When we got to Angkor Wat our guide picked up a collapsed cardboard soda box he saw laying next to a souvenir shop’s recycling bin. I was perplexed at first, but when he pointed at our “seat” on the edge of the pool that sits in front of Angkor Wat, he put the box down and said, “sit on this!” This was a smart move that let us sit on the muddy rocks on the very edge of the pool that lays in front of Angkor Wat temple without our butts getting wet or dirty.
We got there early. I’d say only 25% of the people who ended up showing up were there that early in the morning. By my estimate, there were a total of 150-250 people who showed up by sunrise. It was crowded. The “serious” photographers were already there, tripods teetering on the edge of the pool’s mud and rocks.

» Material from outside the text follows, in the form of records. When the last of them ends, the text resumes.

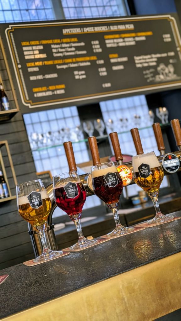 Pero el recorrido no termina ahí. En el último piso te espera un bar con vista panorámica a la plaza, donde podés relajarte y probar una excelente selección de cerveza. La carta incluye clásicos de abadía, rarezas locales y algunas opciones por tiempo limitado.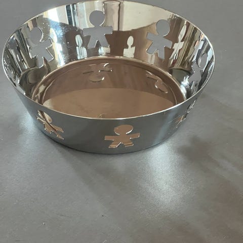 Alessi bolle i metall, rustfritt stål. Bollen har utskårne figurmotiver rundt kanten. Egner seg til servering av frukt, brød eller snacks, eller som dekorativ skål på bord eller benk.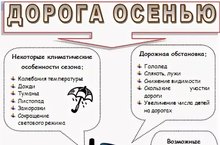 Наступившая осень приносит холода и дождь.Осенний период опасен для пешеходов, так как тормозной путь автомобиля на скользкой дороге значительно увеличивается. Как правило, водитель не может вовремя среагировать. Именно поэтому пешеходам категорически запрещается переходить дорогу перед близко идущим транспортом. Помните, что движение пешеходов должно осуществляться навстречу движущемуся транспорту, т.е. по левой стороне, т.к. наиболее безопасно. Из-за тумана и недостаточного обзора ночью проезжая часть становится плохо видимой. Это значительно затрудняет ориентацию на дороге и даёт возможность внезапному появлению автотранспорта.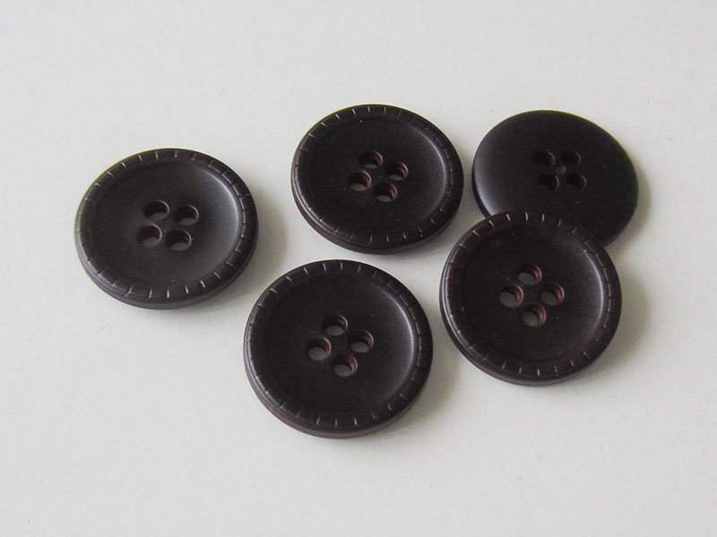 Diese interessanten Kunststoffknöpfe sind dunkelbraun und haben eine leicht nach innen gewölbte Knopfmitte. Der Rand der Knöpfe besteht aus einem leicht erhöhten Ring, der in gleich große Abschnitte unterteilt ist. Die Kunststoffknöpfe erinnern ein wenig an Lederknöpfe mit Steppnaht am Rand. Ansonsten haben die Knöpfe vier Knopflöcher zum Annähen

While we waited in the darkness for the sun to rise we met a very self-sufficient British woman who found her way alone and in the dark to the temple while also losing her guide!!! She was solo-traveling for a week from her home in Penang, Malaysia. She got an opportunity to take a job there from London and she took it. I love it when people pack up their lives and move somewhere new! An adventure! Perhaps that’s why I always find myself moving every 3-4 years.
As the sun got closer to rising, people were crowding around the pool as close as they could without falling in the water. The French photographer to my left used his guidebook as a camera stand and placed it by my foot! You can imagine how careful I was not to move my foot at all. He eventually picked it up.
You will witness a dichotomy while experiencing this particular sunrise. On one side of the pool is Angkor. The largest religious monument in the world, built in the early 12th century. Its presence is breathtaking; as the sun rises its carvings and shape takes on all the colors of the sun. Orange, red, purple, blue. The five peaks are the showpiece and the carvings on the facade are there to be marveled at as well. The water is so still with pink water lilies resting on it, awoken by the occasional ripple from a small fish. Everything seems untouched, as if you have stumbled upon a secret hidden temple at sunrise.
If you turn your gaze from the peaceful sunrise, you will see hundreds of camera flashes going off, one by one at domino pace. One tourist after the other is trying to get “the perfect shot” to slap on their Instagram or place in their portfolio. Every thing is moving and chattering on this side of the pool. No reverence or silence. In that moment on the edge of the pool you are in between both worlds and you choose how you want to enjoy it. Do you choose the right side, the left side, or both?